8. Da spettatrice quali spettacoli ami vedere?

Quelli dove gli artisti che sono in ballo comunicano veramente tra loro e con il pubblico, creando vita in scena, vita piena e presente. Per questo trovo che Antonio Latella, come Carmelo Rifici, pur diversi tra loro per stili e contenuti, portino in scena lavori di qualità. C'è un certo tipo di ricerca e di lavoro dietro ed in scena si vede. Mi affascinano molto le commistioni di arti in scena, come si può evincere da Bastard.

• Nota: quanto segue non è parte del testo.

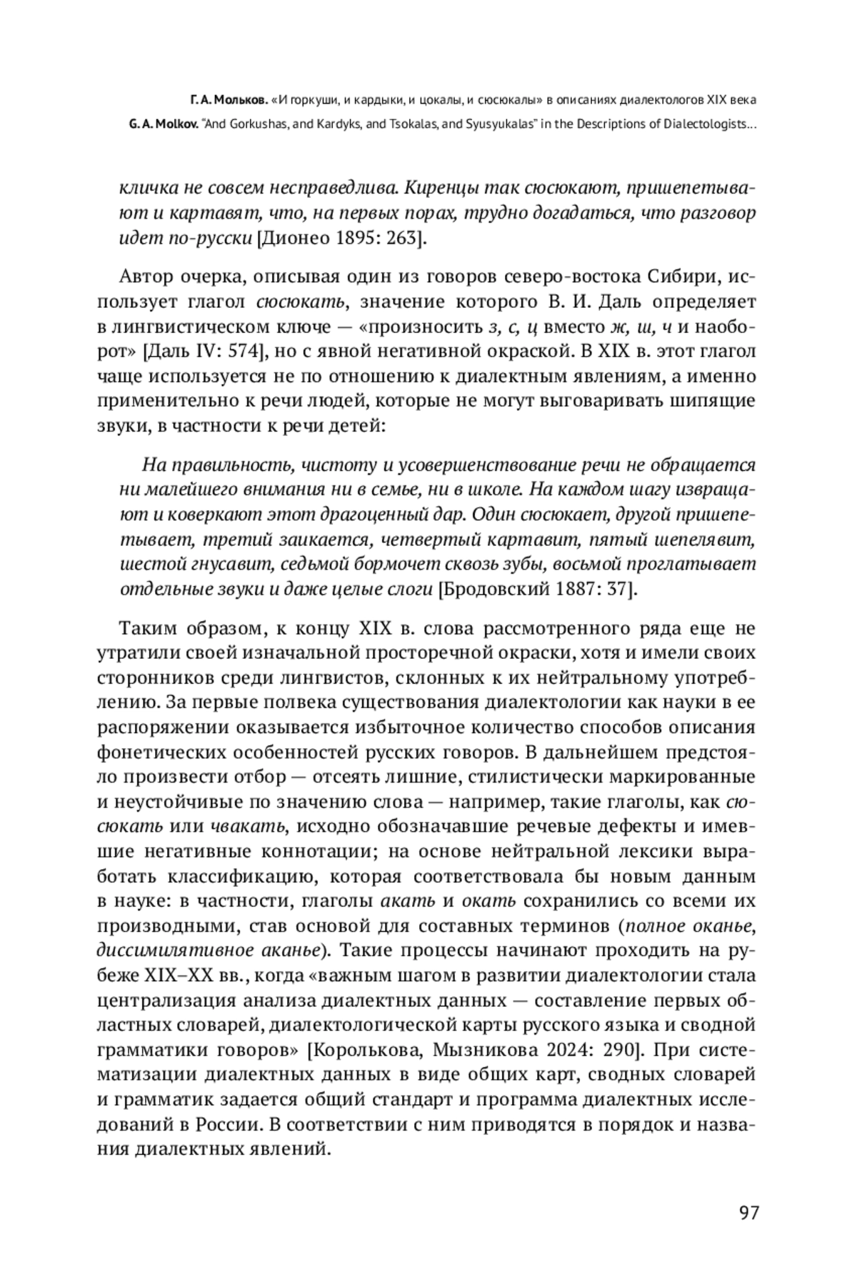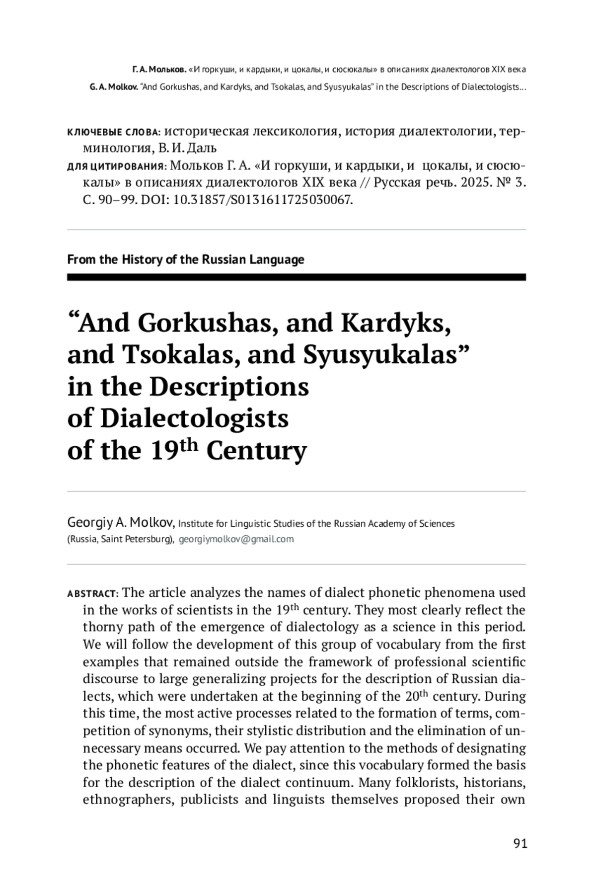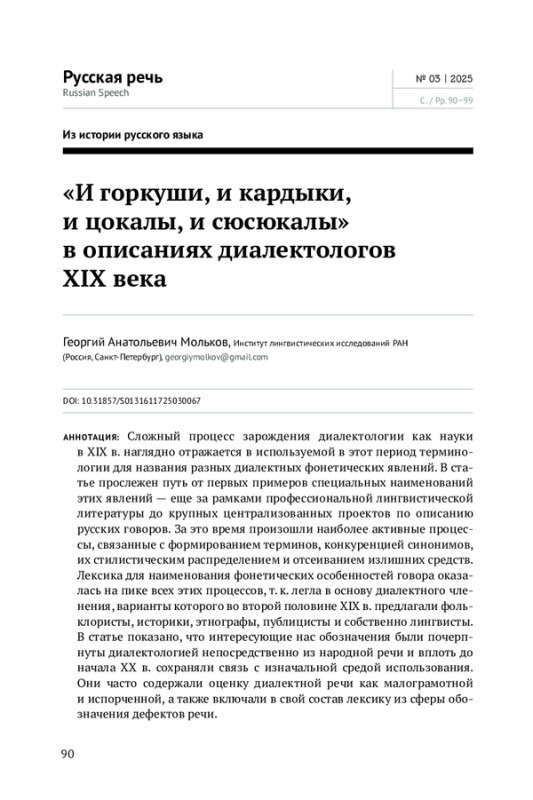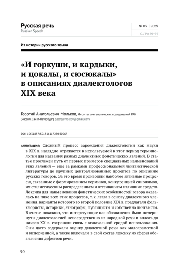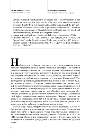 Сложный процесс зарождения диалектологии как науки в XIX в. наглядно отражается в используемой в этот период терминологии для названия разных диалектных фонетических явлений. В статье прослежен путь от первых примеров специальных наименований этих явлений — еще за рамками профессиональной лингвистической литературы до крупных централизованных проектов по описанию русских говоров. За это время произошли наиболее активные процессы, связанные с формированием терминов, конкуренцией синонимов, их стилистическим распределением и отсеиванием излишних средств. Лексика для наименования фонетических особенностей говора оказалась на пике всех этих процессов, т. к. легла в основу диалектного членения, варианты которого во второй половине XIX в. предлагали фольклористы, историки, этнографы, публицисты и собственно лингвисты. В статье показано, что интересующие нас обозначения были почерпнуты диалектологией непосредственно из народной речи и вплоть до начала XX в. сохраняли связь с изначальной средой использования. Они часто содержали оценку диалектной речи как малограмотной и испорченной, а также включали в свой состав лексику из сферы обозначения дефектов речи

9. Grazie per esserti raccontata sul nostro sito in bocca al lupo per la tua carriera. Se dovessi immaginare la tua vita fra dieci anni dove ti vedi?

Mi vedo recitare in lingue diverse, oltre alla mia lingua madre. Ho la fortuna di essere praticamente bilingue italiano/inglese e parlo il francese. Conto d'impararne altre. Il primo step lo stiamo facendo con Teatro Utile. Grazie a Tiziana Bergamaschi, il testo “Le Rinchiuse”, spettacolo in cui recito, è stato tradotto in francese e lo porteremo al Festival di Avignone il prossimo luglio. Questo è un primo grande passo verso la strada che ho scelto d'intraprendere. Tra dieci anni mi vedo come un artista viaggiatrice soddisfatta del proprio lavoro, che fa da sponda tra l'Italia ed altri paesi del mondo per portare un contributo e un cambiamento alla nostra società. Ruolo che nella storia dell'umanità, il teatro, la musica e le arti performative in generale, a volte sono riusciti ad avere. Grazie a voi.